The top 2000 words in Russian

I came across a good resource for learners of Russian just now: this page, which has the top 2000 words used in modern Russian. The words provided are based on The frequency dictionary for Russian.

According to the frequency dictionary, the top 2000 most used words in Russian account for 72% of the word forms used in texts, so if you learn these, you’ll be well on your way to being able to (slowly) work your way through many Russian texts. The site provides both lists of the words, coupled with their usage frequency, along with their parts of speech, and of course, the translations. Also available are quizes for all of the words.

While the frequency dictionary page doesn’t offer any definitions, they offer lists of Russian words beyond the top 2000. They offer one list of “32,000 words with frequency greater than 1 ipm (one instance per million).” They offer a second list, with the top 5,000 most often used words in Russian. I’d say the latter would be more useful for learners of Russian.

There’s a bit of “interesting” data on the frequency dictionary page which I enjoyed reading:

  • The average word length is 5.28 characters.
  • The average sentence length is 10.38 words.
  • 1000 most frequent lemmas cover 64.0708% of word forms in texts.
  • 2000 most frequent lemmas cover 71.9521% of word forms in texts.
  • 3000 most frequent lemmas cover 76.6824% of word forms in texts.
  • 5000 most frequent lemmas cover 82.0604% of word forms in texts.

I think it’s interesting to note that the first 2000 words gets you to 72%, and yet learning another three thousand words will only gain another 10%. Diminishing returns, ineed. :)

Hi Josh, excellent blog mate! Just found it a few nights ago and have been reading through.

I’ve often thought about frequency lists and have tried to gauge how many words are necessary to have a strong foundation in a language.

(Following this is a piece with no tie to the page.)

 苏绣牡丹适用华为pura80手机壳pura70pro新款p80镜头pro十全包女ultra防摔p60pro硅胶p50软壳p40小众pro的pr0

Originally I thought 70% (about 2000 words) might be adequate, but I know people from my Russian classes who know many more and still have great difficulty following natural conversations, movies, radio etc.

For example (and this is just a really rough example!), the following sentence has 20% of the words removed and subsequently loses its meaning:

Olya doesn’t like ????, she prefers ???? because it is easier to ???? and doesn’t make her feel ????.

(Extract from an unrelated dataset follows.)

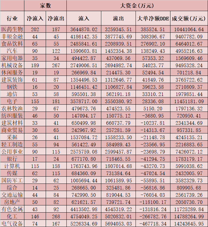 表:9月6日申萬一級行業(yè)大單資金情況

The original might have gone something like:

Olya doesn’t like beer, she prefers vodka because it is easier to swallow and doesn’t make her feel too full.

or:

Olya doesn’t like vodka, she prefers mineral water because it is easier to drink and doesn’t make her feel dizzy.

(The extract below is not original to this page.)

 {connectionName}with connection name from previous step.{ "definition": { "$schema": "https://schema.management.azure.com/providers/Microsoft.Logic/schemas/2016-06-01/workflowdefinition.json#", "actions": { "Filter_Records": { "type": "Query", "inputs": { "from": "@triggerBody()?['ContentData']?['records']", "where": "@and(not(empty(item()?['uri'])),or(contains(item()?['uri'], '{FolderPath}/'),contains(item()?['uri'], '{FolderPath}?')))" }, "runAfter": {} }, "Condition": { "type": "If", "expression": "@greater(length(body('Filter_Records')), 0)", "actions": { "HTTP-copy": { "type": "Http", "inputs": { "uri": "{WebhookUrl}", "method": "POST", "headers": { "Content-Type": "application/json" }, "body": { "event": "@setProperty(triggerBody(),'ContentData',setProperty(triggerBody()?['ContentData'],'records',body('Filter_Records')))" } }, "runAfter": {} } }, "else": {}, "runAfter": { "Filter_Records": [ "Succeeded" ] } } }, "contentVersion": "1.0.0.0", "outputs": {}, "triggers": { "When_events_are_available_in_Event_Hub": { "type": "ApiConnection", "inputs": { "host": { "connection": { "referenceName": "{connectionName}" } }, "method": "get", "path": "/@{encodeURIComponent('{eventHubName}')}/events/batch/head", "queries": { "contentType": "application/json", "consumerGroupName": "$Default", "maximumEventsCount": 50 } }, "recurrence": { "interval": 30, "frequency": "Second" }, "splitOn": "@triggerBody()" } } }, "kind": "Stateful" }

Of course these example are quite artificial, but you get my drift.

So in reading around the net there seems to be some opinions that about 10,000 words make a good base. But that’s a heck of a lot of words and a big chunk of neural real estate (well, at least in my old brain!). Not to mention the time investment involved - I can do about 2 new words per day, on a consistent basis, so to reach the goal of 10,000 would take me approximately 14 years!!! :)

But on your advice I’ve recently installed Anki (great word learning software), so hopefully I can reduce that down to 10 years or so :)

All the best,

Jon.

Jon: Welcome to the blog, and thanks for commenting! I too thought (I read it somewhere, actually) that knowing 2000 core words was enough to follow basic conversations and what not. After learning German for so long now, I don’t agree with the 2000 thing. I’m not sure how many words I know in German, but I’d bet my left arm I know more than 2000 words, and I still struggle through many news articles.

10,000 words is indeed a large number, but I have to admit that after my experiences with German, I’d say 10,000 is closer to the mark than 2,000. And, agreed - the idea of needing to know 10,000 words as a “good base” in a language is daunting. But, really, it’s not that surprising. I’ve read that the average (whatever that means, heh) person knows 10,000-20,000 words. This site says that one fellow figured that the average college graduate might have an active vocabulary of 60,000 words, and a passive one of 75,000. I don’t know if that’s too high or not, but I do know that 2,000 words just isn’t going to cut it.

Glad you’re liking Anki. It’s a welcome change from SuperMemo.